В конце января 1949 г. «Правда» напечатала большую редакционную статью «Об одной антипатриотической группе театральных критиков». В ней говорилось: «В театральной критике сложилась антипатриотическая группа последышей буржуазного эстетства, которая проникает в нашу печать и наиболее развязно орудует на страницах журнала «Театр и жизнь» и газеты «Советское искусство». Эти критики утратили свою ответственность перед народом; являются носителями глубоко отвратительного для советского человека, враждебного ему безродного космополитизма; они мешают развитию советской литературы, тормозят ее движение вперед. Им чуждо чувство национальной советской гордости».

Дальше разъяснялось, что критики, входящие в эту группу «безродных космополитов», пытаются «дискредитировать передовые явления нашей литературы» (пьесы К. Тренева, А. Сурова, Б. Чирского, А. Софронова и другие), «яростно обрушиваясь именно на патриотические, политически целеустремленные произведения под предлогом их якобы художественного несовершенства». А в заключении говорилось: «Перед нами не случайные отдельные ошибки, а система антипатриотических взглядов, наносящих ущерб развитию нашей литературы и искусства, система, которая должна быть разгромлена». Идейный разгром группы «космополитов-антипатриотов» выдвигалась как первоочередная задача.

Передовая «Правды», написанная уже давно привычным чиновничье-номенклатурным канцеляритом, вряд ли обратила бы на себя наше внимание, тем более что она касалась не исторических проблем, а театральной критики, театра. Театралов среди нас, кажется, не было. Но вот подбор фамилий «безродных космополитов» настораживал. Преобладали еврейские фамилии (А. Борщаговский, Я. Варшавский, А. Гурвич, Е. Холодов (Меерович), Ю. Юзовский). Собственно, гнилостный душок антисемитизма нет-нет, но уже 2–3 года потягивал в научных и учебных заведениях, в учреждениях культуры и искусства, редакциях и т.д.
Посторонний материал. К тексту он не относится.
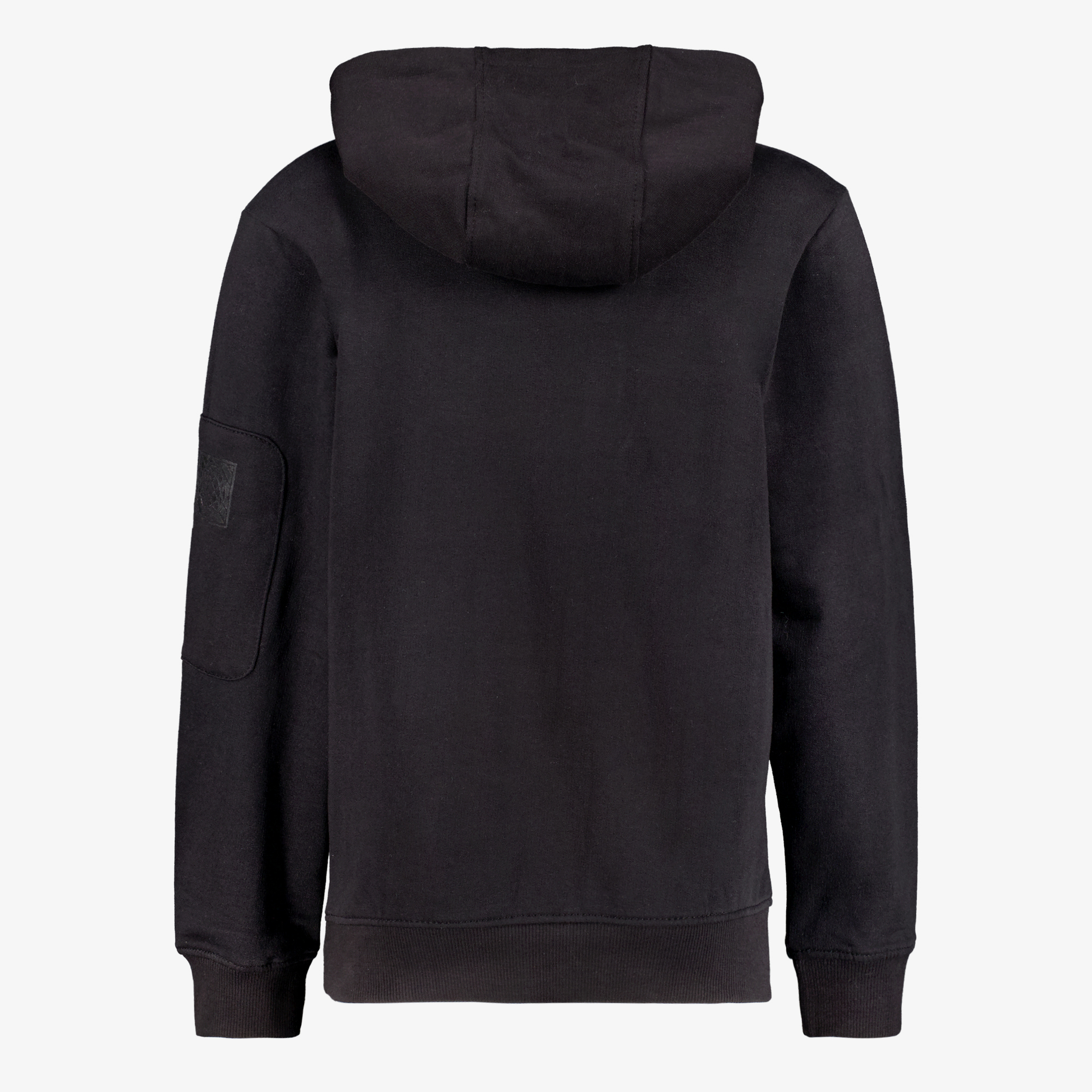 Zwarte hoodie voor jongens van Unsigned. Voorzien van een capuchon, een zakje met ritssluiting op de mouw, twee zakken met ritssluiting aan de voorkant en een tekstopdruk op de borst. De hoodie is gemaakt van 80% katoen en 20% polyester.

У нас в институте в прошедшем 48-м году «отличилась» Е. Демешкан. Она работала доцентом кафедры западной литературы, и, видимо, уловив некоторые антисемитские веяния, решила «бежать впереди паровоза». В чем суть дела мы, студенты истфака, подробно не знали, но отзвуки борьбы вокруг Демешкан до нас доходили. Я несколько раз видел ее, слушал лекции. Женщина как женщина. Даже симпатичная. Полноватая, с правильными чертами смугловатого лица. Довольно приятный голос. Откуда у нее был такой закоренелый антисемитизм – неведомо. Ее в конце концов убрали из института. И о ней быстро забыли. Свежий ветер, который во все времена дует для молодежи, быстро разгонял антисемитский запашок. Да мы к нему и не «принюхивались»
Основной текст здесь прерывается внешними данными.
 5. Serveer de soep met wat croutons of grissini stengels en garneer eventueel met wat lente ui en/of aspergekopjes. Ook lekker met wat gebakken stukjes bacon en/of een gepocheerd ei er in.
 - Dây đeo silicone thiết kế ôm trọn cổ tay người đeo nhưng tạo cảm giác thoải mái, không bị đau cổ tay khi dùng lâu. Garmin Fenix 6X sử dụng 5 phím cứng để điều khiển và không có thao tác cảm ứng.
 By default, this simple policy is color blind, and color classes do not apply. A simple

Но на сей раз, сразу же после того как «Правда» опубликовала свою руководящую и направляющую статью, другие газеты открыли концентрированный и мощный огонь по «безродным космополитам». Дала залп «Литературная газета»: «До конца разоблачить антипатриотическую группу театральных критиков». «Культура и жизнь» тоже шарахнула редакционной статьей: «На чужих позициях. О происках антипатриотической группы театральных критиков». Затем «ударили» «Известия»: «Безродные космополиты. Об антипатриотической группе театральных критиков». Еще несколько раз выступила «Правда». От «антипатриотической группы» должно было остаться мокрое место... По-видимому, огонь велся не только по одной группе «критиков-антипатриотов», но и по соседним с нею гуманитарным «площадям».

В заваленном по окна снегом флигельке на Спасо-Песковском мы обсуждали происходящее. Жених Лины, студент Энергетического института Даниил Вексельман (лысый и очкастый), доказывал, что причина случившегося – «холодная» война.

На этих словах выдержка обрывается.